“为何不曾留人看守!”江元辅面色愈发难看,语气不善道:“那是本官的粮食,若被贼人劫掠,定要治你瀆职之罪!”
冯国柱大感冤枉,自己明明领的是前往探查的军令,粮食丟失怎就成了自己的罪过,可官大一级压死人,更何况人家大了不知道多少级。
冯国柱果断住口,跪在地上连连叩首。
“起来!”
江元辅见他这幅窝囊模样,心中火气愈发旺盛,只是事情终究要办,只得愤愤道:“即刻调兵守住粮草,若有乱民胆敢妄动,格杀勿论!”

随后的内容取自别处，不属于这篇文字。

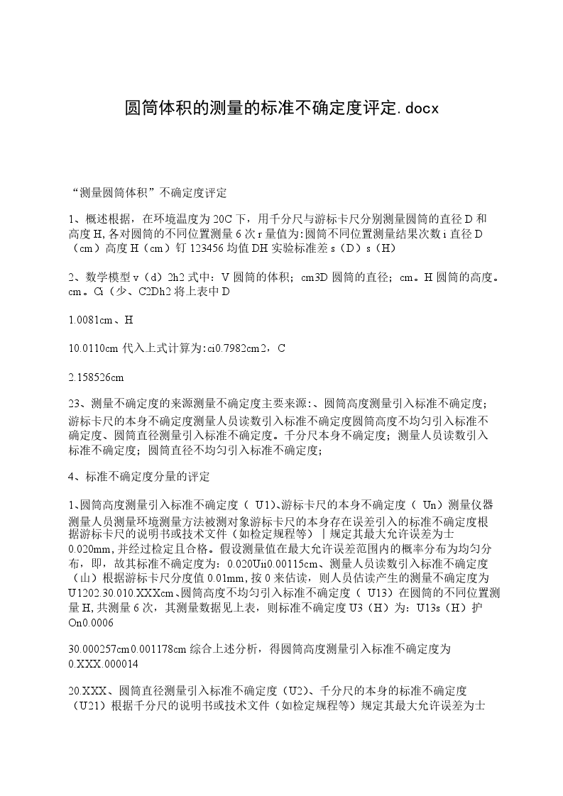 1、概述根据,在环境温度为20C下,用千分尺与游标卡尺分别测量圆筒的直径D和高度H,各对圆筒的不同位置测量6次r量值为:圆筒不同位置测量结果次数i直径D(cm)高度H(cm)钉123456均值DH实验标准差s(D)s(H)
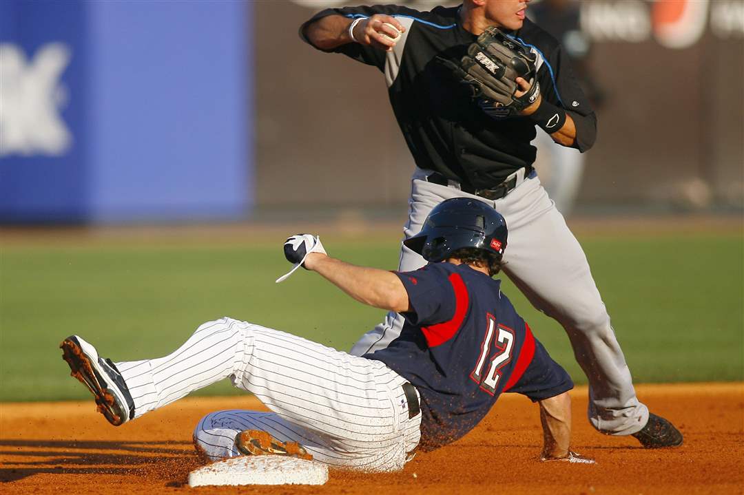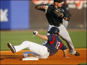 Toledo Mud Hens player Jeff Salazar (12) is forced out at second by Syracuse Chiefs player Seth Bynum (11) who can't turn the double play during the first inning at Fifth Third Field.
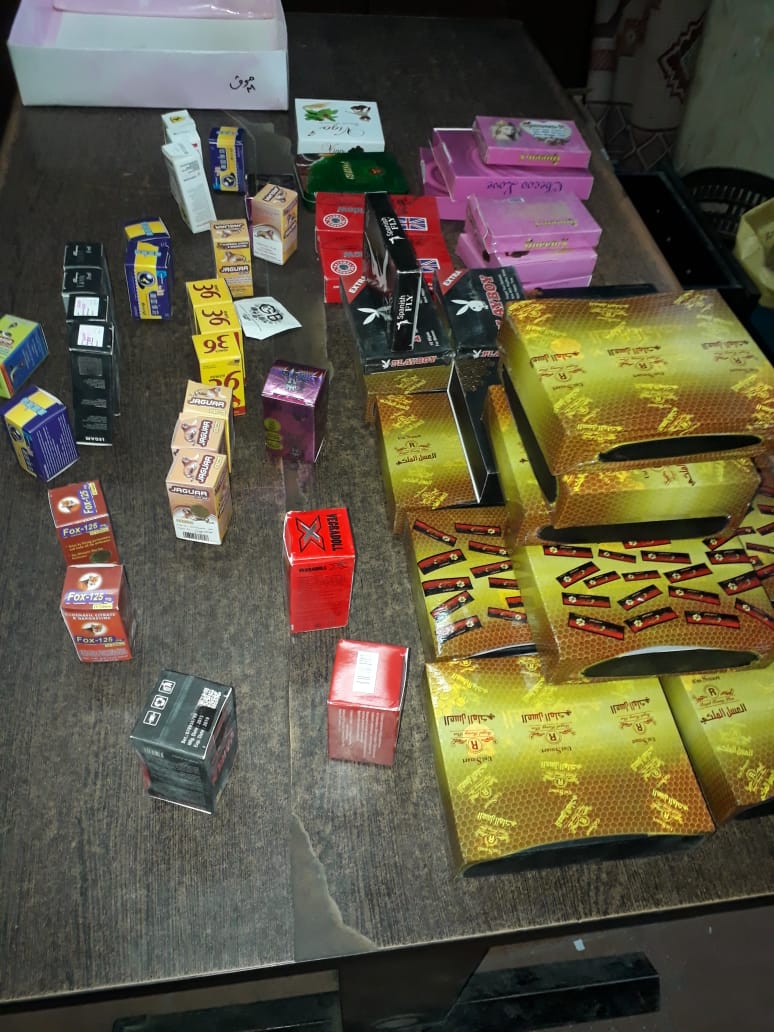 وبتفتيش المحل عثر على ٣٠ قطعة شيكولاته للسيدات، و٣٦ قطعة سيكسول شيكولاتة للسيدات، و٣٠ عبوة كوين اكس، و٥ اكياس كوفي ميكس للرجال سكس بور، و١٢ قطارة نقط تؤخذ بالعصائر للسيدات ريد ويد، و٩ عبوات دهان للتأخير الجنسي، و١٢٠ قرص منشط قوة الحصان، و١١٤ عبوة عسل جنسي للرجال، بلغ إجمالي المضبوطات ٣٥٦ عبوة منشطات جنسية بدون بيانات وغير صالحة للاستخدام الآدمي وغير مسجلة بوزارة الصحة كما جاء بلجنة التفتيش الصيدلي.

冯国柱只是一个小旗,手上顶多有一二十个属下,如何能顶住数以百计的村民,只是军令既下,也只得苦涩领命。
事到如今,江元辅也未曾出言安抚张建,完全將几人当成空气对待,李盛愈发心惊肉跳,越想越觉得此行凶多吉少,藉此机会出言道:“山中村民不识天威,大人派兵镇压,只恐激起民变,小人虽不才,於周围村落尚有几分薄面,愿带乡勇与冯大人一同前往,到时恩威並施,山民定然不敢妄动!”
江元辅深深看了李盛一眼,也知自家急躁之时,行事颇为乱了方寸,其实这也不全怪他,平日冯国柱这等小旗,如何进得了此处厅堂,最低都要百户好吗?
“你替本官前去传令,让李百户带人前往!”
冯国柱暗自抹了把额头冷汗,刚要起身前去传令,又听江元辅道:“若遇山贼莫要阻拦,只要挡住村民即可!”
卫所中向来是军令如山,哪怕不理解,冯国柱也没胆量去问,匆匆磕了个头后,急忙转身离去。
张建也没觉得有什么不妥,甚至还起了几分鄙夷的心思,只认为江元辅为人胆怯,只敢对村民出手,却不敢对上正经山匪的缘故,不由开始怀念起往日生活,愈发觉得典吏大人平日言语不无道理。
李盛却不似他们这般心思单纯,后背几乎剎那间被冷汗覆盖,看向张建的目光宛如看一个死人。
江元辅確实打算接收粮食,却不是李盛几人给出的理由,想来也是,但凡脑子没坑,定能看出几人是在假传圣旨,更何况对面还是四品大员。
只挡村民不挡土匪,几乎摆明了是要借刀杀人,先让土匪抢走粮食,罪名自然由张建等人承担,而江元辅只需派人进山剿匪,到时得了份肃清地方的功劳不说,粮食仍旧尽入瓮中,別说县尊,哪怕知府也挑不出错来,如此才叫一举两得。
李盛惊惧之余,竟也觉得此事荒谬,前世某个电视剧中同样有相似情节,土匪劫了国军物资,而共军又缴获了这批物资,待到国军前去索要,一番梳理之下,此事竟成了一笔烂帐,关键人家得了好处还句句在理,任谁也挑不出半句错来,想必今日也无二至,只是这般手段,也不知道谁抄谁的……
人言世事无常,果真不无道理,自家一番操作下来,可怜张建竟要遭受双份罪过,这条小命恐怕难保,只盼他听不明白此中机锋,开心一秒是一秒了。
情知此地难以久留,李盛目送冯国柱出门之后,拱手道:“草民尚有兄弟留在双山口守卫军粮,如今天色渐暗,只恐力有不逮,草民愿隨官兵同去,也好助大人一臂之力。”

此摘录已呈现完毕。